It’s magical auto magic right. All this stuff matters even more in a world where you don’t understand the sequences, you don’t understand what it’s doing. And one of the other things that came out of the RSA panel was the fact that we generally think the complexity of AI is making it harder for us to understand the risks. Let me say that again, there’s a bunch of people that are trying to compare AI to mobile AI to cloud migrations.
AI is different from the standpoint. Is it actually a bit more complex? But all these things that we’ve known and learned to love over time matter even more. So concepts like defense and depth, like least privilege, matter more. Okay, so with apologies to the Monty Python’s Flying Circus, for those who remember that a now for something completely different, this is where we go and veer off into the the weird world of AI and security.
So I went a little fast. There, see if I can go backwards. Okay. How is it different data data data like who cares about bias if you’re you don’t have a large language model? Who cares about all these different things? It really is a data science problem as you can do some crazy stuff with data that you couldn’t do before, and you don’t have to worry about, we’re talking about non-determinism and randomness and how that’s antithetical to our compute model from the 50s until three years ago.
We’re talking about hallucinations. Everybody understands this. I think I gave an example of one. They’re easy to understand, easy to see sometimes. But guess what? If you’re pulling code from an API call to OpenAI, you’re not going to see that hallucination, right? Okay. Unintended bias. You can manipulate the inputs also. And here’s another thing auditability explainability.
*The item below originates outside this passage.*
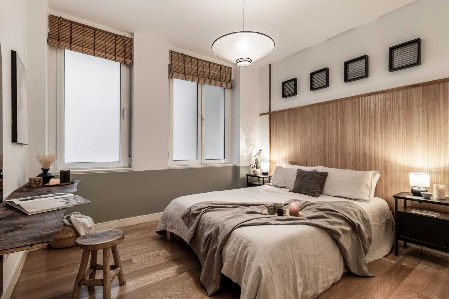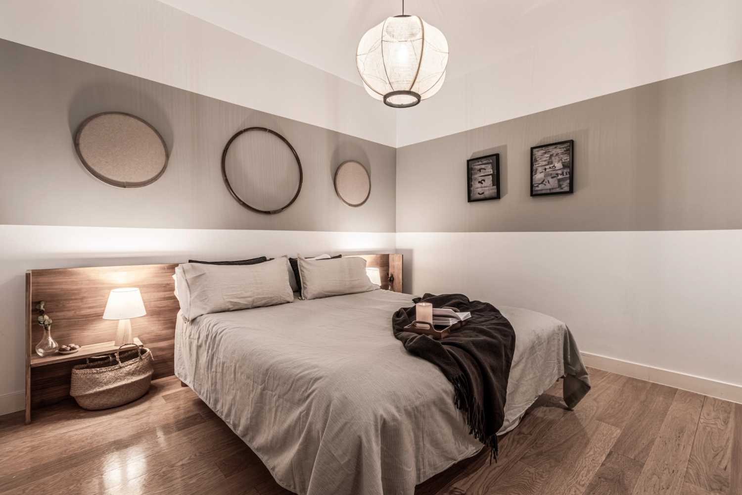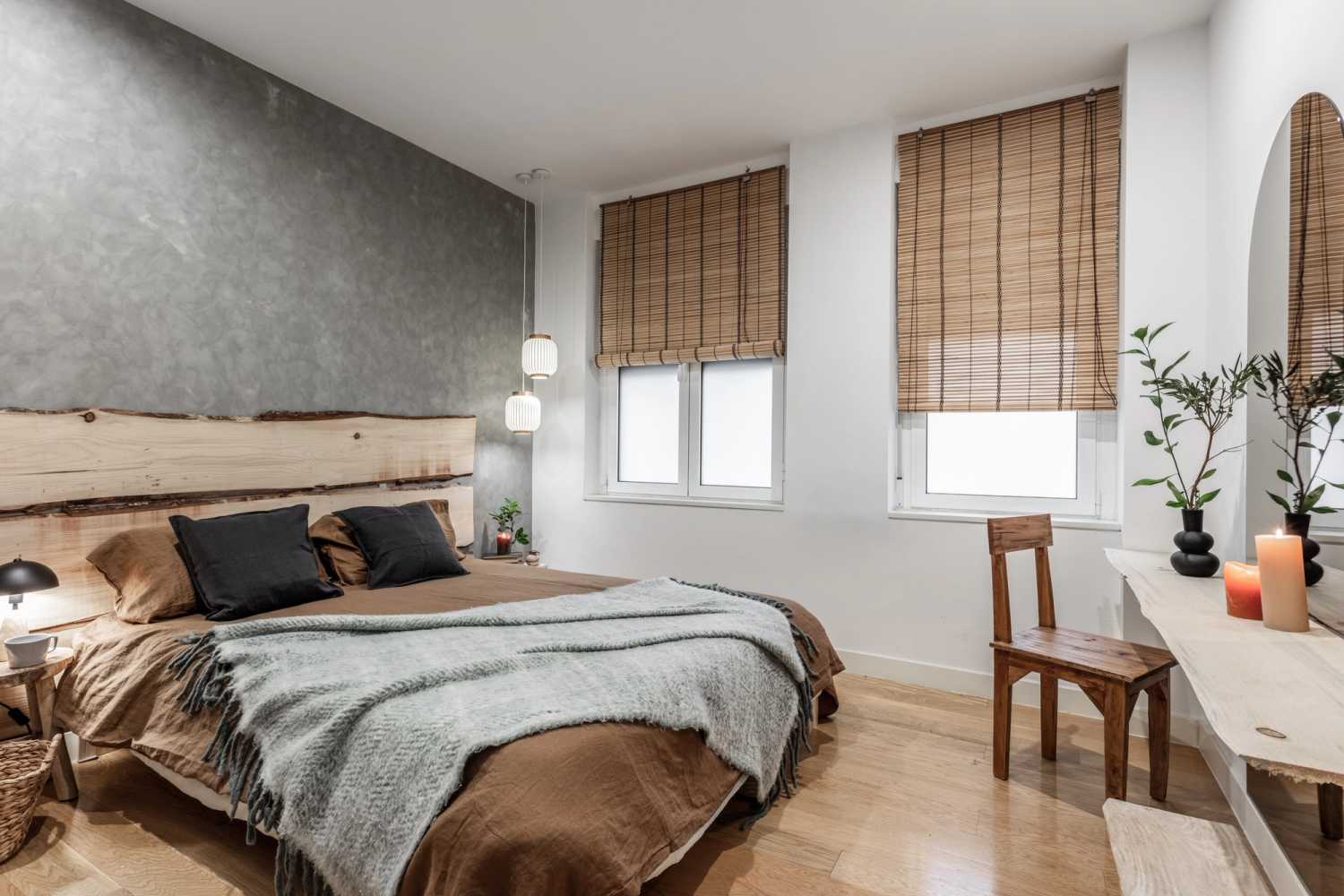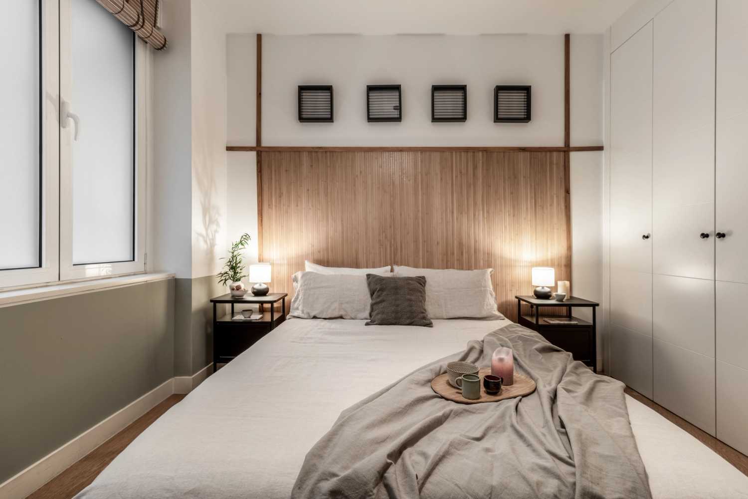 Each of the three bedrooms plays on a similar minimalist design, using different color palettes and unique decor. The largest bedroom has a low tatami-style bed and a handmade vanity-style bar.

You have to say some of us do have to go to auditors and say, well, how did you get that conclusion? Oh, I don’t know. It was a LLM that doesn’t cut it. And by the way, the big LLM producers know that they’re trying to pull that through and fix that a bit. But let’s talk about Nondeterminism for a bit.
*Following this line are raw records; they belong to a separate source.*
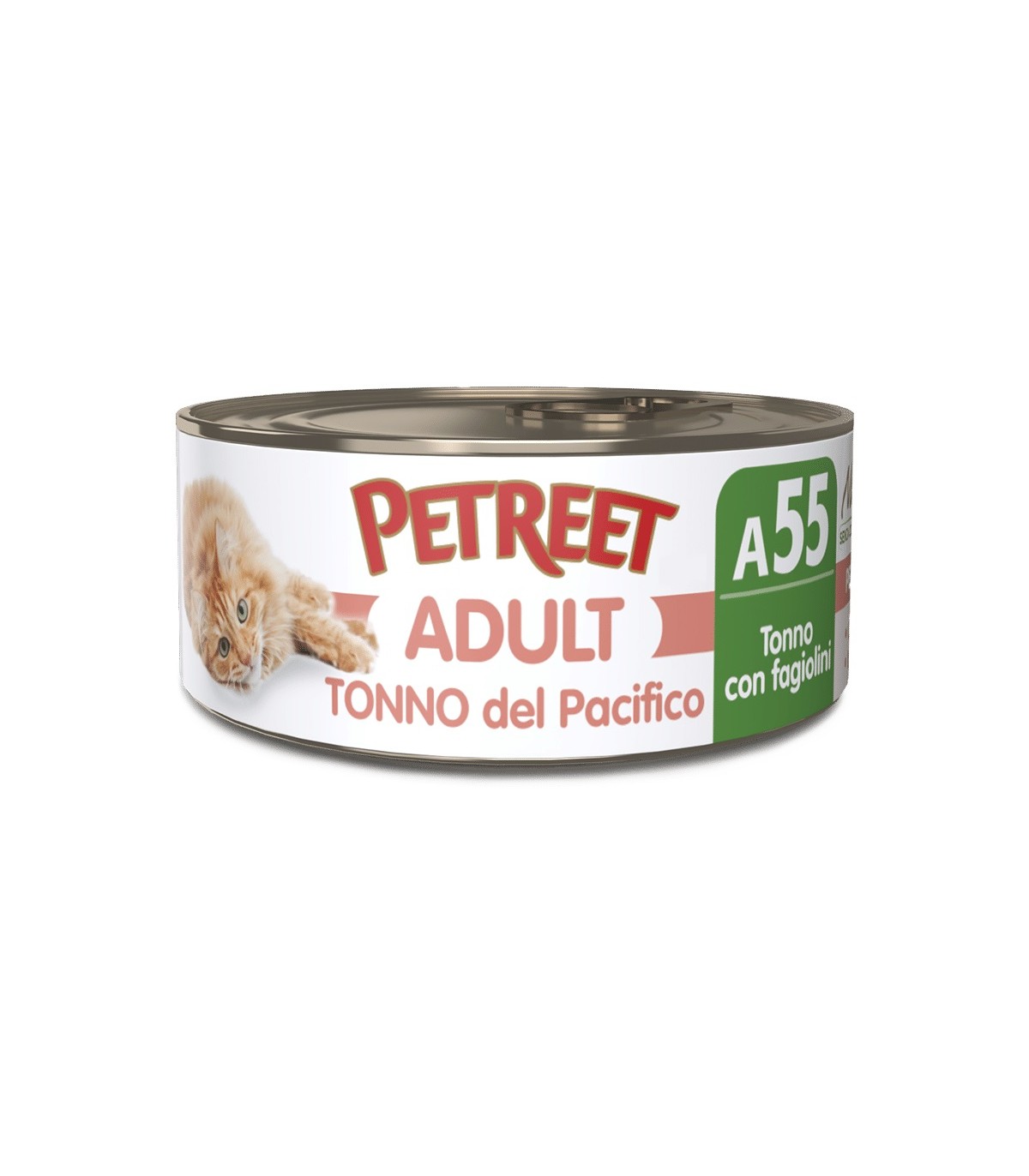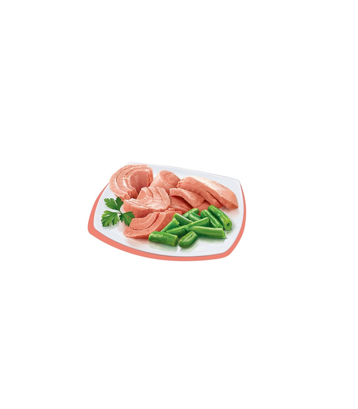 COMPOSIZIONE: Filetto di tonno 50%, fagiolini 4%, estratto di proteine di pesce, amido di tapioca, riso 1%, prodotti del lievito, sostanze minerali.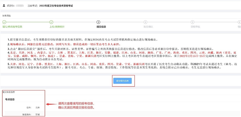 (4)报名信息提交后如发现填写错误,可以撤回信息提交,修改后重新提交报名信息。修改信息后务必要重新打印报名表,确保递交的报名表信息与最终提交的信息一致,否则无法进行报名确认。
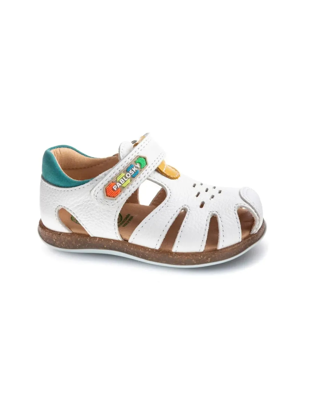 Sandalia en piel con puntera reforzada, plantilla de cuero y cierre de velcro. Suela de goma antideslizante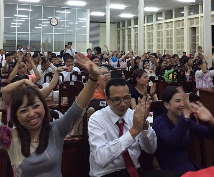 Các giáo viên và sinh viên của trường cổ động hết mình trong phần biểu diễn của Nhật Tinh Anh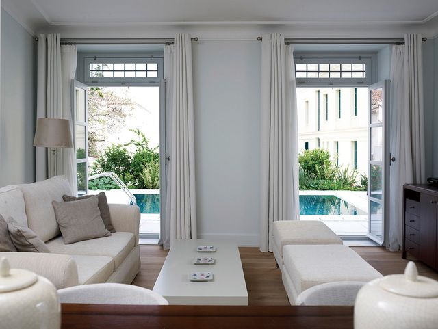 넓은 야외 정원을 포함한 전용 수영장이 있는 스위트룸.

How many people are willing who wants to stand up and give me a definition here? Okay. I won’t call on James Cooper or I won’t call on Mary Dickerson or the other one. Okay, so Nondeterminism, I should say determinism is this idea that if you put an input in, you get the same result every time, right?
So Nondeterminism is when you put in an input, you get a result, you put in the same input, you get a different result, put in a prompt, you get a response back, you put it in a different the same prompt. You get in a totally different. That is anathema to our compute model. And that’s actually a bigger problem in software development than hallucinations, I would argue.
So and it varies in small ways. I give you these examples and it takes an eye to look at them. If you’re doing, training tech or if you’re doing a presentation or something for LinkedIn, it’s not a big deal. But again, think of a world where you have if statements, you understand the logic, you can go through the logic and then you have an API call out to ChatGPT or OpenAI and it comes back so understood understood logic, logic, logic, randomness, logic, logic logic.
That’s the problem that we’re talking about right now with, with Nondeterminism. So a couple of things I’m not going to I’m not going to do justice to any of this stuff, but it does, in fact, create a new attack surface that you have to consider and build into your testing plan model exploitation, data poisoning, and adversarial inputs.
And I explain each of those, and again, when I say apps that are, that are using AI to generate code. So think of the Copilots also the ones that hit an API and pull in whatever the result is to okay, so model exploitation. You can create inputs and prompts by prompts by tricking the model to reveal stuff that it shouldn’t.
There’s systems now in third party systems that prevent that. But it’s safe to say the data scientists that many times create these things don’t envision the abuse cases that are out there. So having that abuse case, thinking about the models, you can extract stuff that you weren’t supposed to personal information. You know, I think we all know there’s training on internal corporate data.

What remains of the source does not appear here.